Sollte das Betriebsergebnis es zulassen, wird der Arbeitgeber im Dezember 2007 eine Sonderzahlung vornehmen.“
5
Anders als andere Arbeitnehmer des Rechtsvorgängers des Beklagten lehnte der Kläger eine entsprechende Vereinbarung für das Jahr 2008 gegenüber dem Rechtsvorgänger der Beklagten ab. Im Februar 2008 bot dessen Vorstand den Arbeitnehmern in einer Mitarbeiterversammlung die Einführung des TVöD-VKA mit der Maßgabe an, dass eine halbe Stunde Mehrarbeit zu leisten sei, eine Altersstufensteigerung nicht stattfinde und alle Sonderzahlungen freiwillig seien.
6
Mit einer im August 2009 eingereichten Klage begehrte der Kläger gegenüber dem Rechtsvorgänger des Beklagten beim Arbeitsgericht K die Feststellung, dass sich seine Vergütung nach dem TVöD-VKA richtet. Am 1. Oktober 2009 ging das Arbeitsverhältnis des Klägers auf den ebenfalls nicht tarifgebundenen Beklagten über. Am 6. November 2009 schlossen der Kläger und der Rechtsvorgänger des Beklagten in dem zwischen ihnen geführten Rechtsstreit einen gerichtlichen Vergleich. Danach verpflichtete sich der Rechtsvorgänger des Beklagten ohne Anerkennung einer Rechtspflicht und ohne Präjudiz für die Frage der Geltung des TVöD-VKA an den Kläger eine Einmalzahlung zu leisten.
7
Mit Schreiben vom 1. Dezember 2010 lehnte der Beklagte eine vom Kläger aufgrund einer Überleitung in den TVöD-VKA begehrte Eingruppierung und die Zahlung eines entsprechenden Entgelts ab.
8
Der Kläger hat die Auffassung vertreten, die Parteien des Arbeitsvertrags hätten bei dessen Abschluss den Wegfall der Dynamik des Bundes-Angestelltentarifvertrags nicht bedacht. Diese Regelungslücke sei im Wege der ergänzenden Vertragsauslegung durch Anwendung des TVöD-VKA in seiner jeweils gültigen Fassung einschließlich des TVÜ-VKA zu schließen. Dementsprechend sei er in das Entgeltsystem des TVöD-VKA überzuleiten.
9
Der Kläger hat, soweit für die Revision von Bedeutung, zuletzt beantragt
        
festzustellen, dass sich seine Vergütung aus dem Arbeitsverhältnis mit dem Beklagten ab dem 1. August 2006 nach dem TVöD-VKA in seiner jeweils gültigen Fassung, einschließlich des TVÜ-VKA richtet.
10
Der Beklagte hat zur Begründung seines Klageabweisungsantrags darauf verwiesen, der Arbeitsvertrag enthalte keine planwidrige Regelungslücke.
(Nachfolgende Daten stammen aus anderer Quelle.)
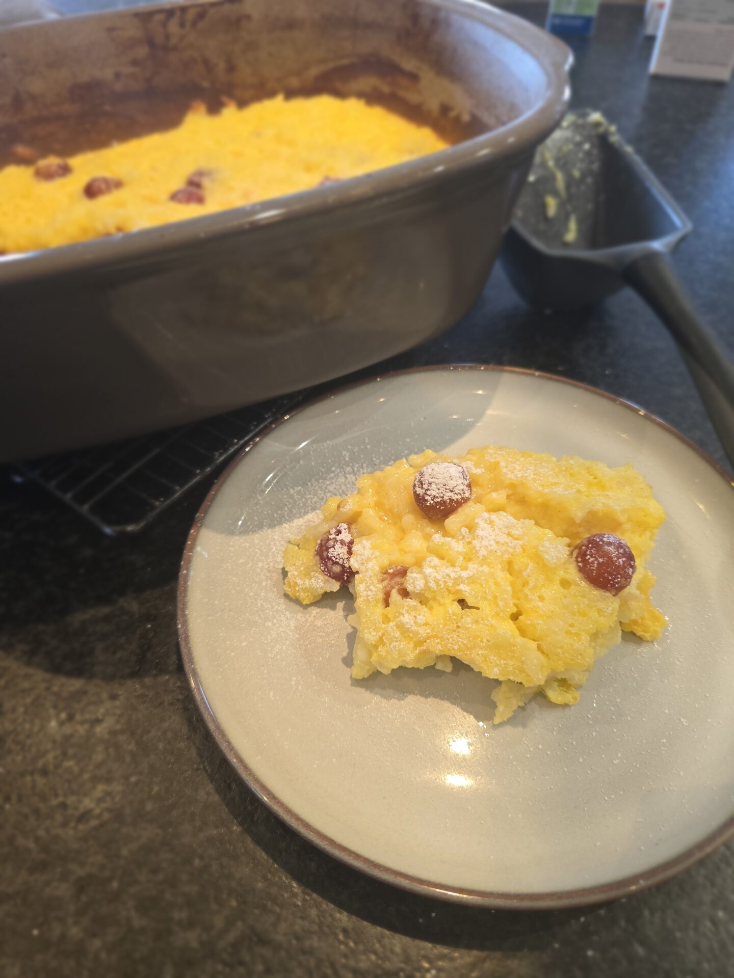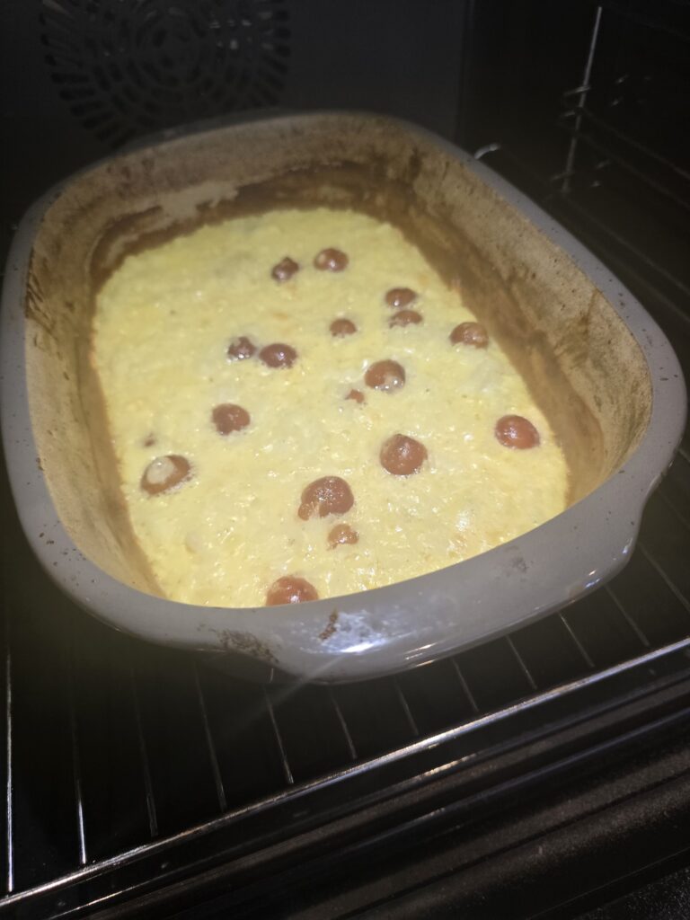 zur Eigelbmasse den Milchreis und anschließend das Eiweiß unterheben

Im Übrigen sei ein etwaiger Überleitungsanspruch des Klägers nach Nr. 11 des Arbeitsvertrags verfallen, jedenfalls verwirkt.
11
Das Arbeitsgericht hat der Klage stattgegeben. Das Landesarbeitsgericht hat die Berufung des Beklagten gegen dieses Urteil zurückgewiesen. Der Beklagte verfolgt mit seiner vom Landesarbeitsgericht zugelassenen Revision seinen Klageabweisungsantrag weiter.